# Has anyone tried using a restaurant pan for a fire basket?



## ronpopeil (Mar 20, 2015)

This seems like a cheap alternative to a purpose built piece to me.  They come in many sizes so I guess the main concern would be whether the 22ga steel will tolerate the fire for very long.


These are a bit cheaper at my local supply store btw.


----------



## chef jimmyj (Mar 20, 2015)

I used a Disposable Aluminum pan, with holes poked in it, for years. A perforated hotel pan would be fine. A 4-6" deep pan would be my first choice and you can get used pans for pennies on the doll Another good option is a Grill Basket...JJ


----------



## gary s (Mar 20, 2015)

Should work fine

gary


----------



## link (Mar 20, 2015)

I went to Lowes and purchased two sheets of expanded metal (about $20) and made my own. It is very easy to do and works great.Sheets are 24" x 12" Fold up 6" on each end of both sheets. then fit together to form your basket. I used wire to hold then together.


----------



## ronpopeil (Mar 20, 2015)

This is actually for my Weber setup.  I like the idea of compacting coals into a box rather than letting them roll around.  I also want to add a smokenator to it.  I figured I'd look into restaurant pans first.  The idea is to get a perforated pan about 4-6" deep and then another larger pan that can be angled over the firebox.  I could grill with the firebox on one side facing straight up then for smoking I could angle the firebox against the side of the kettle and place the larger solid pan over top to cover most of it to spread the heat out.


----------



## welshrarebit (Mar 20, 2015)

RonPopeil said:


> This is actually for my Weber setup.  I like the idea of compacting coals into a box rather than letting them roll around.  I also want to add a smokenator to it.  I figured I'd look into restaurant pans first.  The idea is to get a perforated pan about 4-6" deep and then another larger pan that can be angled over the firebox.  I could grill with the firebox on one side facing straight up then for smoking I could angle the firebox against the side of the kettle and place the larger solid pan over top to cover most of it to spread the heat out.

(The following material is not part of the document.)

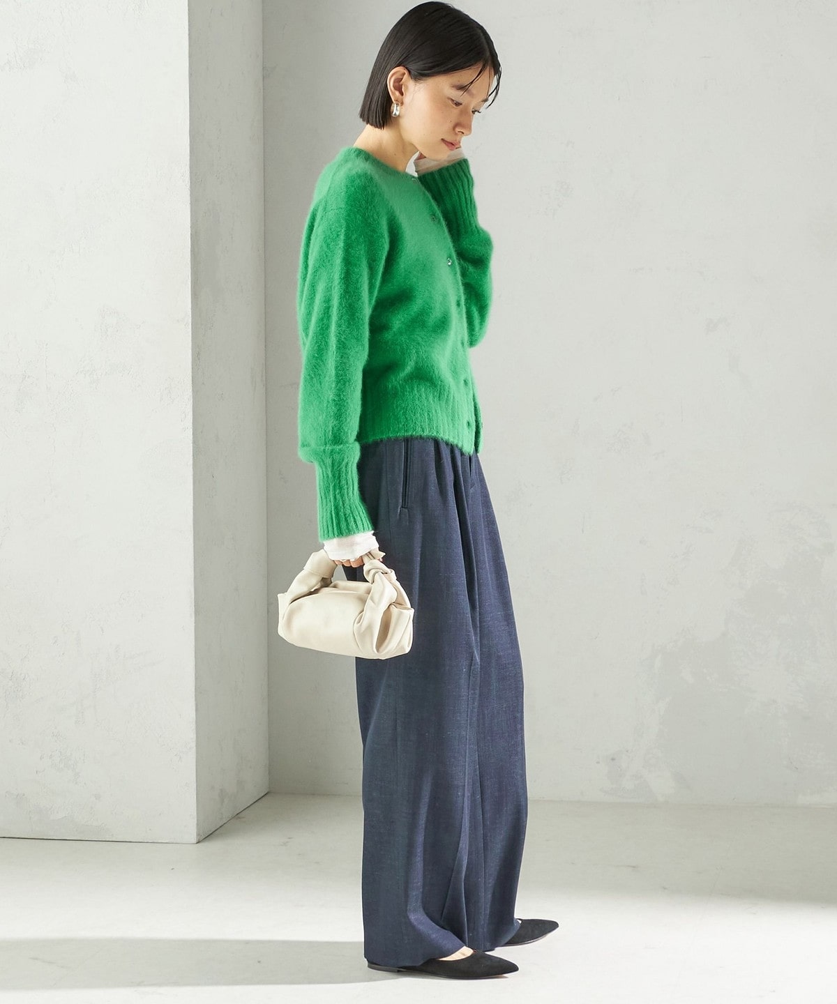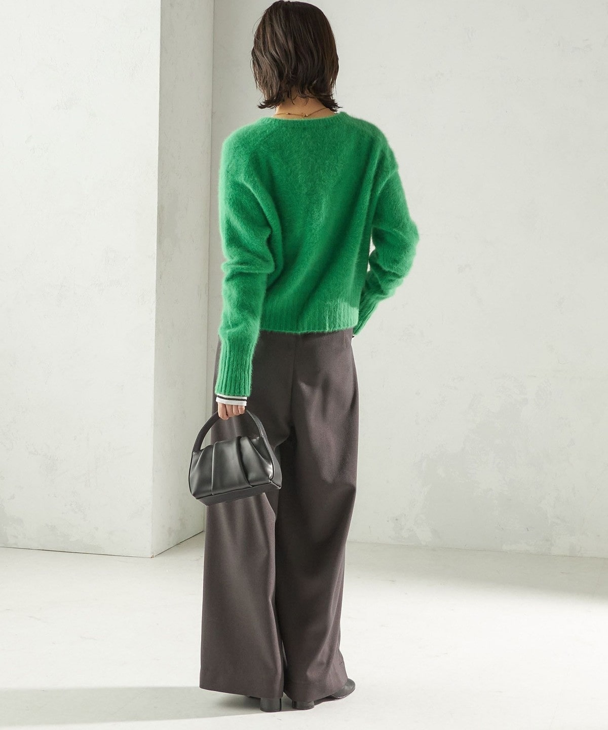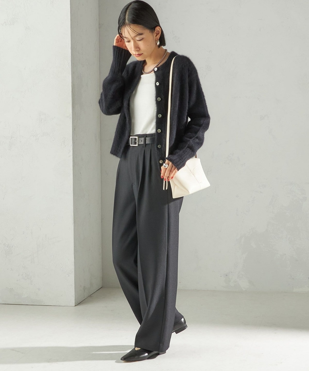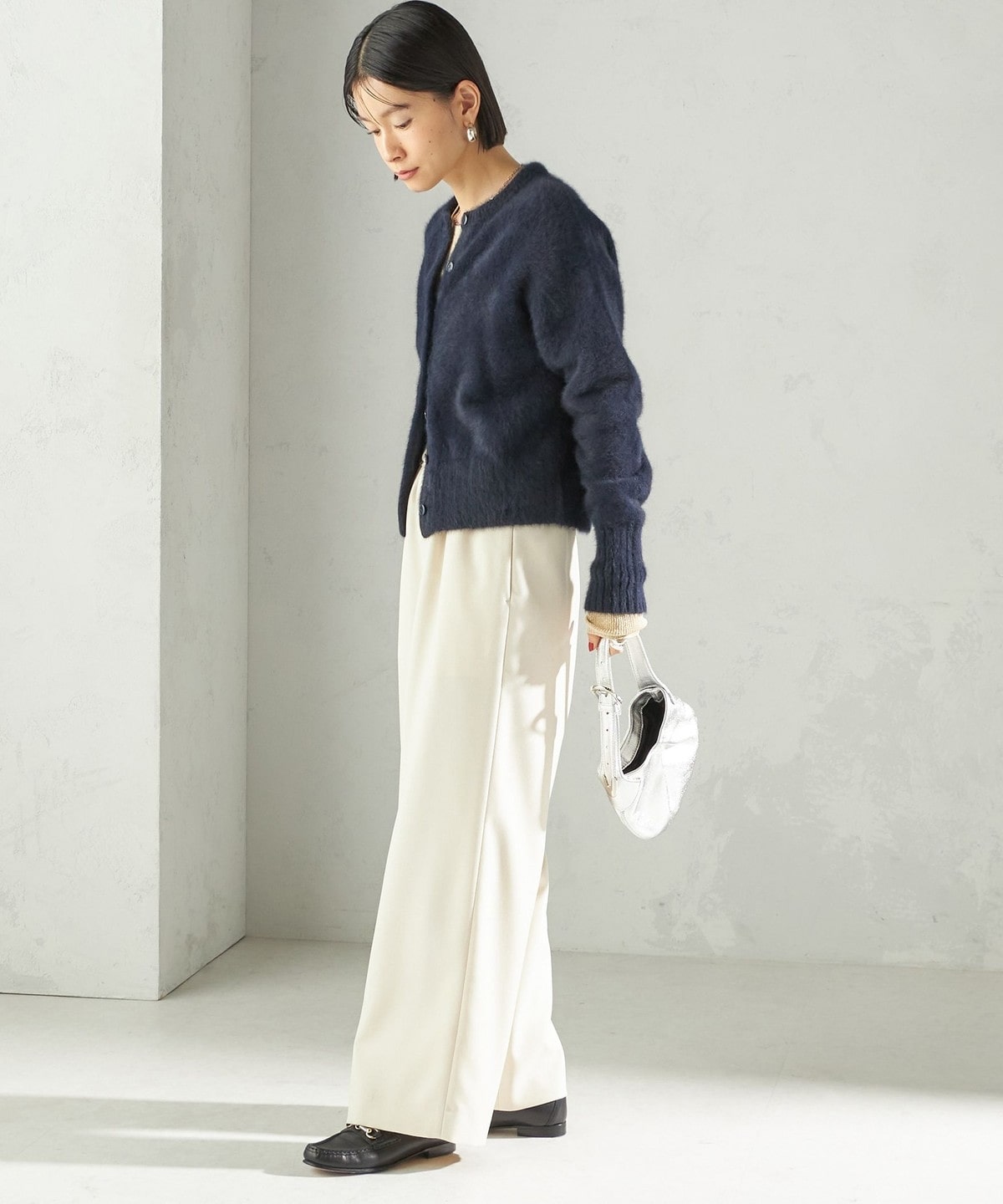 癖のない編地なので、ボトムのテイストを選ばない着回しの効く一着です。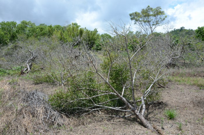 颱風重創東台灣後,留下一片片倒地的枯枝殘幹

You can get a pair of weber charcoal baskets from HD for around $15. If I'm using my kettle I use one basket with a aluminum pan in the other side and it smokes great...


----------



## jirodriguez (Mar 20, 2015)

Welshrarebit said:


> You can get a pair of weber charcoal baskets from HD for around $15. If I'm using my kettle I use one basket with a aluminum pan in the other side and it smokes great...


+1 
	

	
	
		
		



		
		
	


	





The Weber Charcoal rails will work great and last a long time in your Weber Kettle, and you can arrange them in several configurations as needed.


----------



## mr t 59874 (Mar 20, 2015)

Welshrarebit said:


> You can get a pair of weber charcoal baskets from HD for around $15. If I'm using my kettle I use one basket with a aluminum pan in the other side and it smokes great...


Went to HD yesterday to get charcoal baskets for my newly acquired kettle.  They had them in several new smokers, but not on the shelves.  Could only get them online with HD, $15 + $5 or $6 shipping.  Still less than buying from Weber.  You can though, get them for $15 delivered to the store, just not practical for me.

Welshrarebit, I was able to get the folding grate you recommended, thanks.

Tom


----------



## ronpopeil (Mar 23, 2015)

Trying to get some clarification on what you guys are talking about.  Which one? 

http://www.lowes.com/pd_297976-505-...L=?Ns=p_product_qty_sales_dollar|1&facetInfo=

or

http://www.lowes.com/pd_591588-1646...L=?Ns=p_product_qty_sales_dollar|1&facetInfo=


----------



## welshrarebit (Mar 23, 2015)

RonPopeil said:


> Trying to get some clarification on what you guys are talking about.  Which one?
> 
> 
> http://www.lowes.com/pd_297976-505-...L=?Ns=p_product_qty_sales_dollar|1&facetInfo=
> ...



The first one...


----------